Küçük, eski model bir dizüstü bilgisayardan yazıyorum bu yazıyı.

Mayıs 2.

 Dünyanın bozulan dengesi yine de ılık bir bahar gününü yaşamamıza izin veriyor. Öyle sanıyorum ki huzura sıcak-serin akşamüstlerinde kavuşabilenler için  tüm hengamenin arasında dünyanın sunduğu küçük hediyelerdir bu bahar akşamları. Bu şehir,  biz basit insanları yalnız böyle zamanlarda soluklandırır. Bazen sardunyalı bir balkonda rahat bir sandalyede, bazen iş çıkış saatlerinin kendine has kokusunu içeren otobüslerdeki açık camdan gelen bir rüzgarda, bazen ermeni mezarlığının taş duvarlarına bakarak yürüdüğün zamanlarda kulağında çalan müzikte bulunabilir bu dinginlik.

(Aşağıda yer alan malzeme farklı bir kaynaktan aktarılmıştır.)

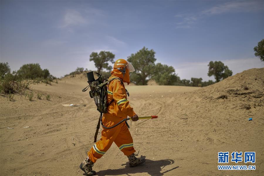 在尉犁县罗布淖尔国家湿地公园内,扑火队队员装满灭火水枪准备进行扑火演练(6月19日摄)。 新华社记者 赵戈 摄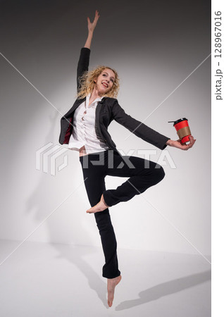 Barefoot ballerina in business suit dancing with a cup of coffee on a white background.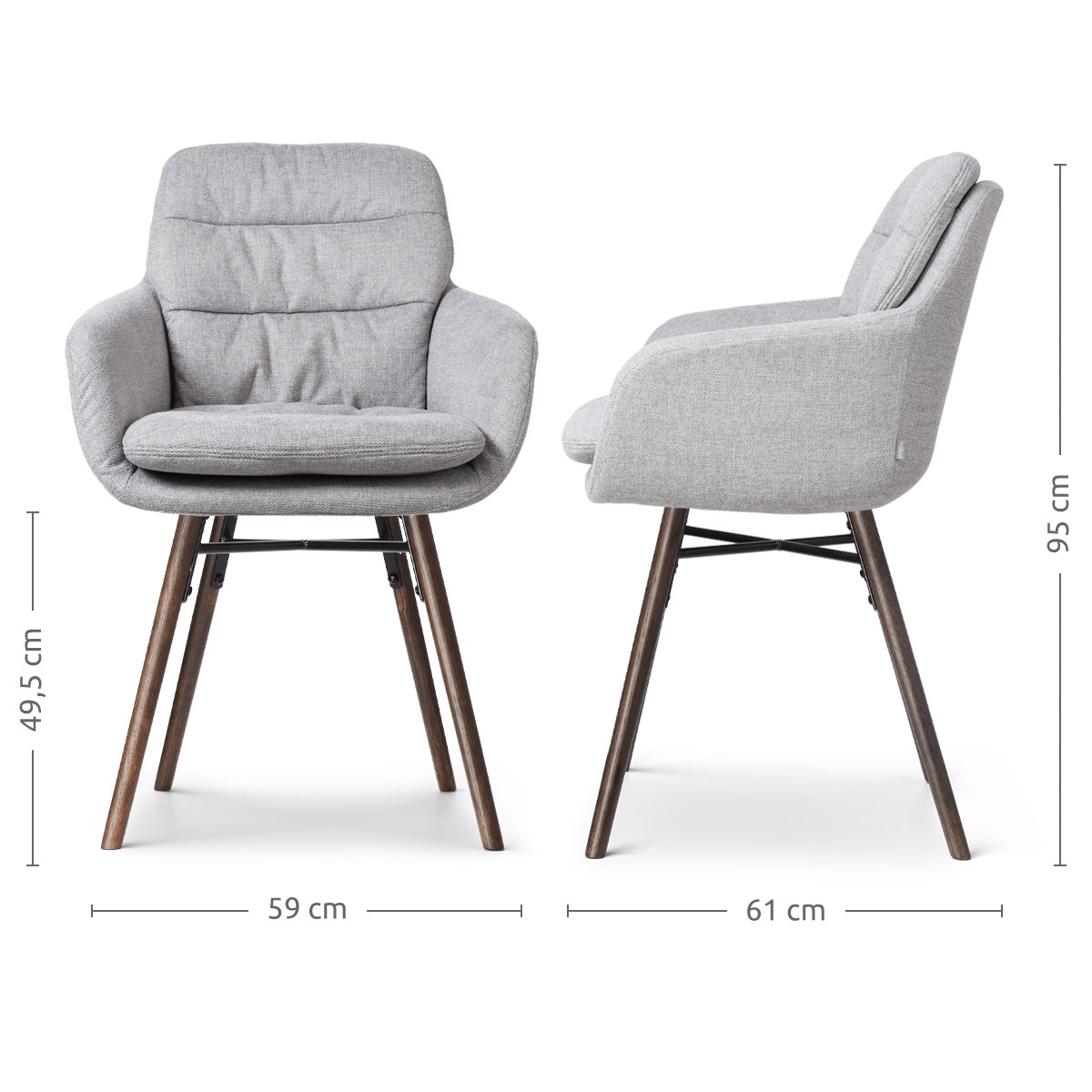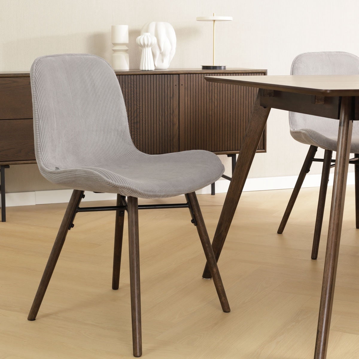 Nena Mia eetkamerstoel grijs walnoot houten onderstel set van 2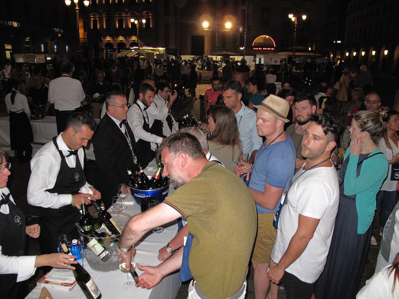 L’assaggio dei vini durante la tappa di Parma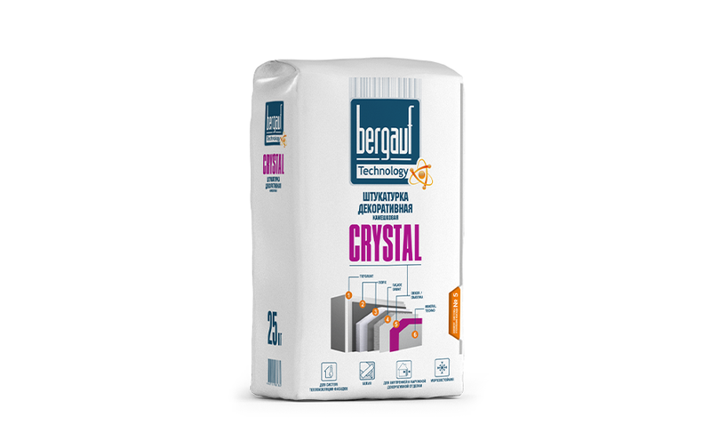 Штукатурка декоративная «Bergauf Crystal» в упаковке 25 кг — это смесь для финишной отделки фасадов. В составе — мраморная мука, цемент, а также специальные добавки, повышающие пластичность готовой смеси и прочность после высыхания.

Ah bir de,  gün batımlarının o buğulu bakışları… Sıcak bir ten, kokusunu sevdiğim bir nefes gibi tanıdık geliyor bana. Nasıl oluyor da bunca pisliğin içinde insan yine de kaybolan güneşe bakarak yaşamayı seviyor? Nasıl oluyor da her gün el ele verip çivilerini söktüğümüz bu dünya bize her akşam vadesi dolmuş tebessümleri yaşatıyor?

Hava güzel kokuyor bu akşam.  Bu kentin kenar mahallelerinde gürültü hiç bitmez. Küfürler, şarkılar, kavgalar ve kahkahalar. Yine nedendir bilmiyorum bahar akşamlarında bunlar bile güzel gelir, sesini duyamadığım kuş cıvıltılarının yerine koyduğumdandır belki. 

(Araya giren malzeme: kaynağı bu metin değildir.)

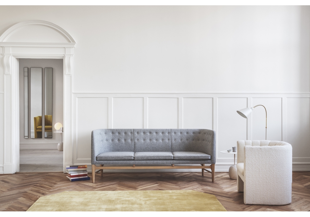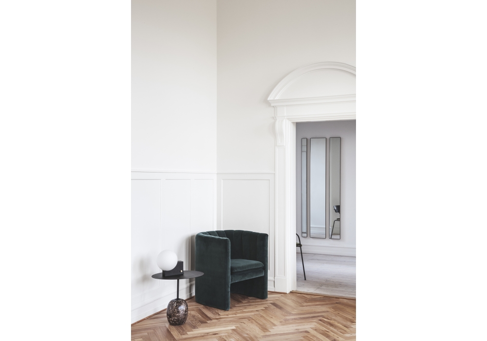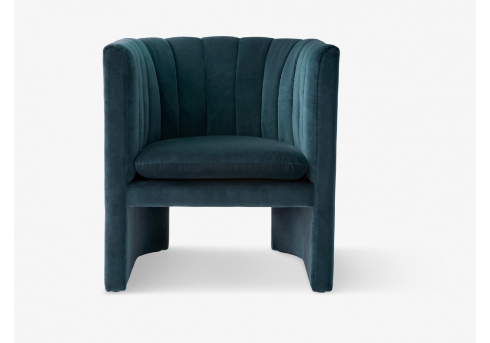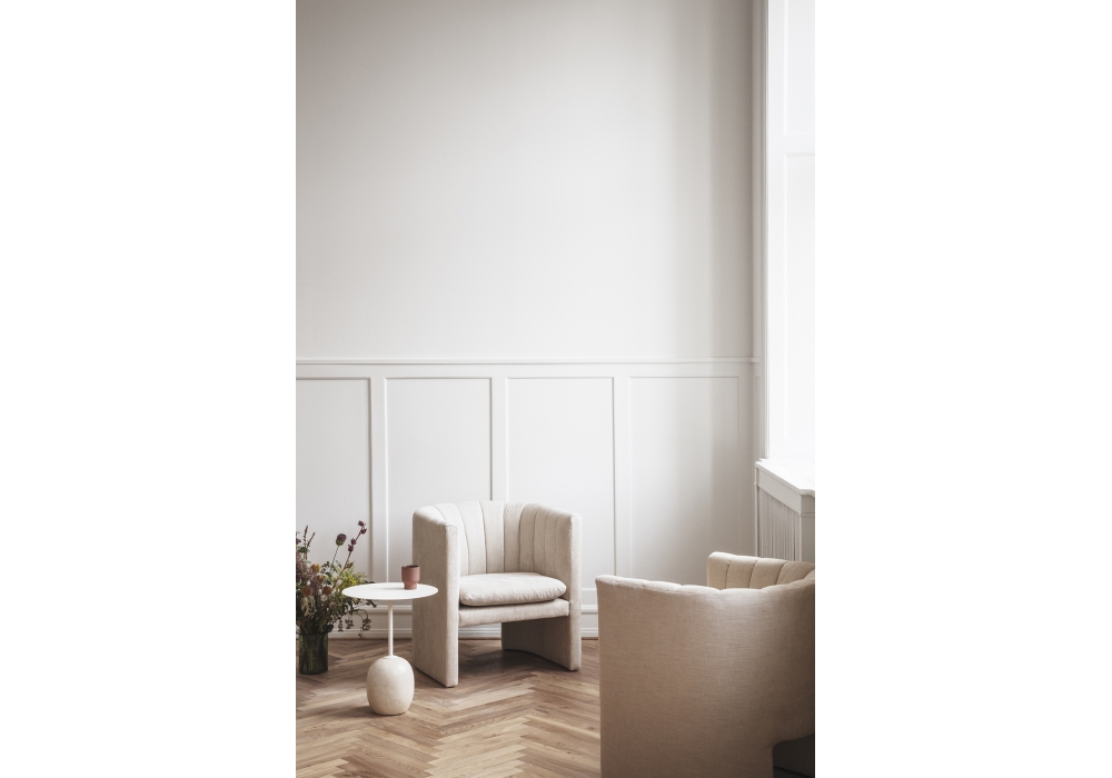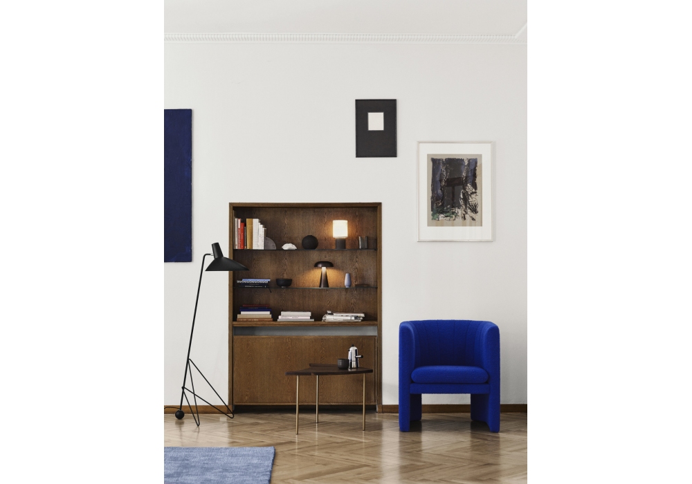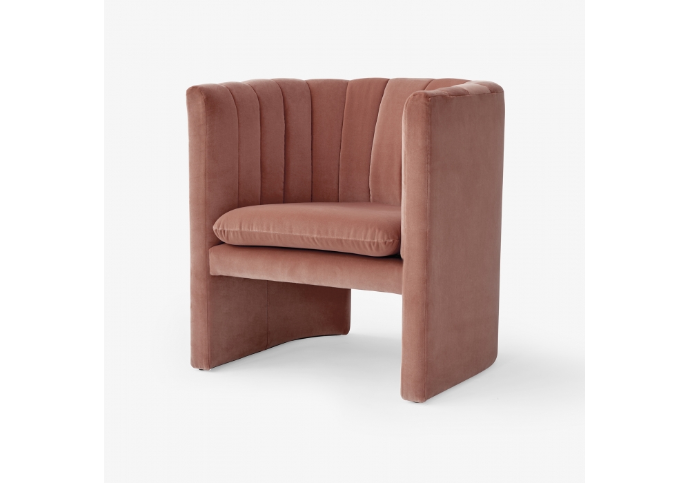 Loafer SC23 conçu par Space Copenhagen pour &Tradition est un fauteuil réalisé avec du bois, mousse HR, l'ouate de polyester et de la tapisserie d'ameublement en tissu. Livré avec des patins en feutre.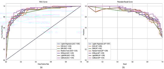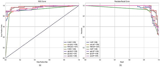 Figure 12 evaluates the performance of seven machine learning models using the ensemble voting classifier. The performance of the models is measured using two main metrics: Area Under the Receiver Operating Characteristic curve (AUC) and Average Precision (AP).

Ihlamur ağaçlarının kokusu gelecek yakında burnuma.  Sokağın sonunda bir tane var, ne şans! Buralar daha düzlükken, annem daha dünyanın yükünü sırtlanmamış bir çocuk olarak bu mahallede koşarken dikmişler belli ki bu ağacı. Kokusunu her duyduğumda annemi anımsıyorum, çocukluk resmini kafamda canlandırıp onu o ıhlamurun etrafında koşturuyorum.  Çok mutlu ediyorum onu, kahkahalara boğuyorum. Ah Gülizar, biraz daha gül hadi. Çok ağlayacaksın yılların patikasında.

İnsanın içindeki yaraları deşiyor bu dinginlik. Ezan başladı. Boğuk megafon sesi, özensizce tekrarlanan Arapça sözcükler.  Bacak bacak üzerine atarak oturuyorum. Babaannem olsa kızardı. Saygısızlıkla suçlanırdım. ‘’Babaanne be, bırak Allah aşkına.’’

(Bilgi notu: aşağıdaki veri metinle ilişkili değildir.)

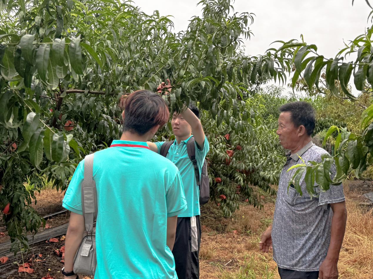 上午,实践队成员来到肥城桃科普教育基地(新农发肥桃有机种植合作社),跟随果农脚步,亲身体验摘桃,了解肥城桃的种植与采摘过程。果农们为实践队成员们亲自示范,耐心讲解着每一个环节的要点和技巧,分享了判断桃子的成熟度和根据大小、色泽、外观有无瑕疵等标准筛选的方法,确保每一个进入市场的桃子都品质优良。实践队成员在采桃过程中仔细甄别,认真挑选。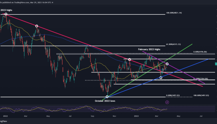 Following today’s advance, the S&P 500 has come within striking distance of overtaking a short-term descending trendline at 4,030, a key resistance worth keeping an eye on. Price reaction in this area could offer important technical clues about the near-term outlook, with a bearish rejection setting the stage for a retest of the 200-day simple moving average and a topside breakout exposing the psychological 4,100 level.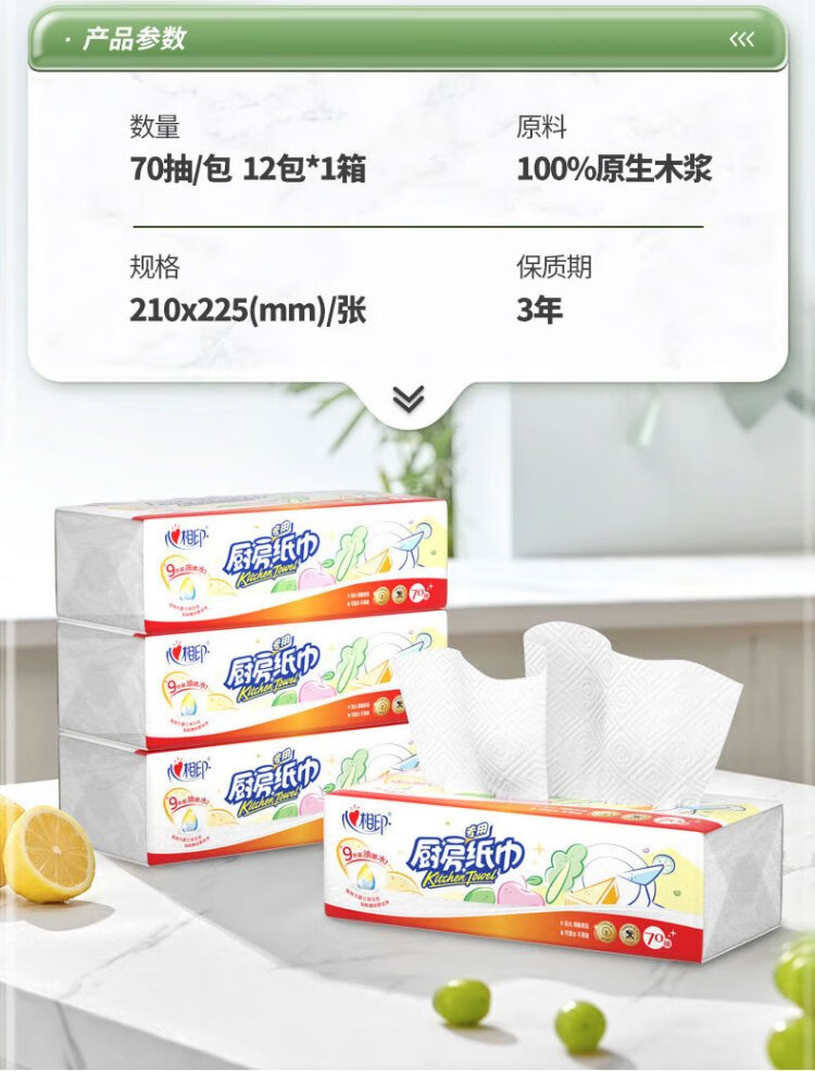 Xinxiangyin kitchen paper 70 sheets 12 packs food grade oil and water absorbent paper lazy rag disposable paper towels whole box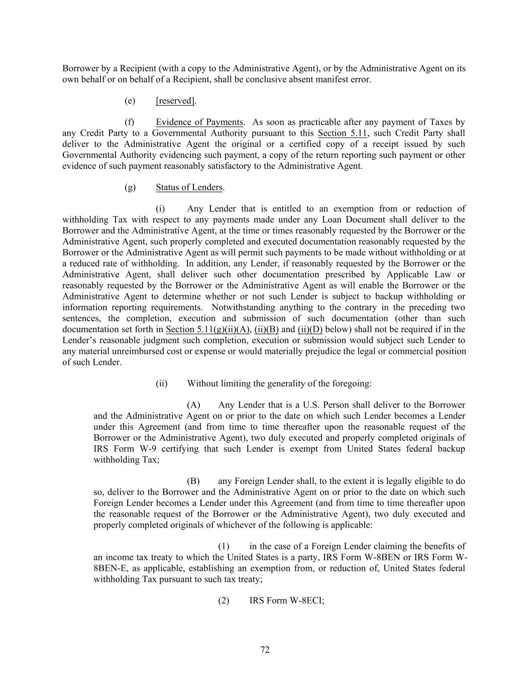 Borrower by a Recipient (with a copy to the Administrative Agent), or by the Administrative Agent on itsown behalf or on behalf of a Recipient, shall be conclusive absent manifest error.(e) [reserved].(f) Evidence of Payments. As soon as practicable after any payment of Taxes byany Credit Party to a Governmental Authority pursuant to this Section 5.11, such Credit Party shalldeliver to the Administrative Agent the original or a certified copy of a receipt issued by suchGovernmental Authority evidencing such payment, a copy of the return reporting such payment or otherevidence of such payment reasonably satisfactory to the Administrative Agent.(g) Status of Lenders.(i) Any Lender that is entitled to an exemption from or reduction ofwithholding Tax with respect to any payments made under any Loan Document shall deliver to theBorrower and the Administrative Agent, at the time or times reasonably requested by the Borrower or theAdministrative Agent, such properly completed and executed documentation reasonably requested by theBorrower or the Administrative Agent as will permit such payments to be made without withholding or ata reduced rate of withholding. In addition, any Lender, if reasonably requested by the Borrower or theAdministrative Agent, shall deliver such other documentation prescribed by Applicable Law orreasonably requested by the Borrower or the Administrative Agent as will enable the Borrower or theAdministrative Agent to determine whether or not such Lender is subject to backup withholding orinformation reporting requirements. Notwithstanding anything to the contrary in the preceding twosentences, the completion, execution and submission of such documentation (other than suchdocumentation set forth in Section 5.11(g)(ii)(A), (ii)(B) and (ii)(D) below) shall not be required if in theLender’s reasonable judgment such completion, execution or submission would subject such Lender toany material unreimbursed cost or expense or would materially prejudice the legal or commercial positionof such Lender. (ii) Without limiting the generality of the foregoing:(A) Any Lender that is a U.S. Person shall deliver to the Borrowerand the Administrative Agent on or prior to the date on which such Lender becomes a Lenderunder this Agreement (and from time to time thereafter upon the reasonable request of theBorrower or the Administrative Agent), two duly executed and properly completed originals ofIRS Form W-9 certifying that such Lender is exempt from United States federal backupwithholding Tax; (B) any Foreign Lender shall, to the extent it is legally eligible to doso, deliver to the Borrower and the Administrative Agent on or prior to the date on which suchForeign Lender becomes a Lender under this Agreement (and from time to time thereafter uponthe reasonable request of the Borrower or the Administrative Agent), two duly executed andproperly completed originals of whichever of the following is applicable:(1) in the case of a Foreign Lender claiming the benefits ofan income tax treaty to which the United States is a party, IRS Form W-8BEN or IRS Form W-8BEN-E, as applicable, establishing an exemption from, or reduction of, United States federalwithholding Tax pursuant to such tax treaty;(2) IRS Form W-8ECI;72

Son sigaramı yaktım. Zift gibi yapıştı ağzıma bu meret yıllardır. Kendimi oyalıyorum her nefeste, çayı da onsuz içemiyorum. Tam bir budalalık! Bakma, melankolik bir havası var, onu seviyorum. Bu huzurlu akşamlara daha bir yakışıyor melankoli. Bir de o çok sevdiğim kutlamayı açıyorum yanına. ‘’Memleketime çoktan bahar gelmiştir.’’ Babam işlerini bitirmiş, sert adıyamanından bir nefes çekiyordur şimdi mutlaka. Annem de en sevdiği dizinin karşısında uyuklamaktadır. Ben, burada, bu küçük balkonda onları izliyorum.

Sokağın sonundaki ıhlamurun kokusunu bekliyorum, çayımın son bardağını yudumluyorum, rüzgarın beni üşütmesini istiyorum, yüreğimin sözcüklerini tüketiyorum. Başka ne ister insan, daha fazlası ne işine yarar?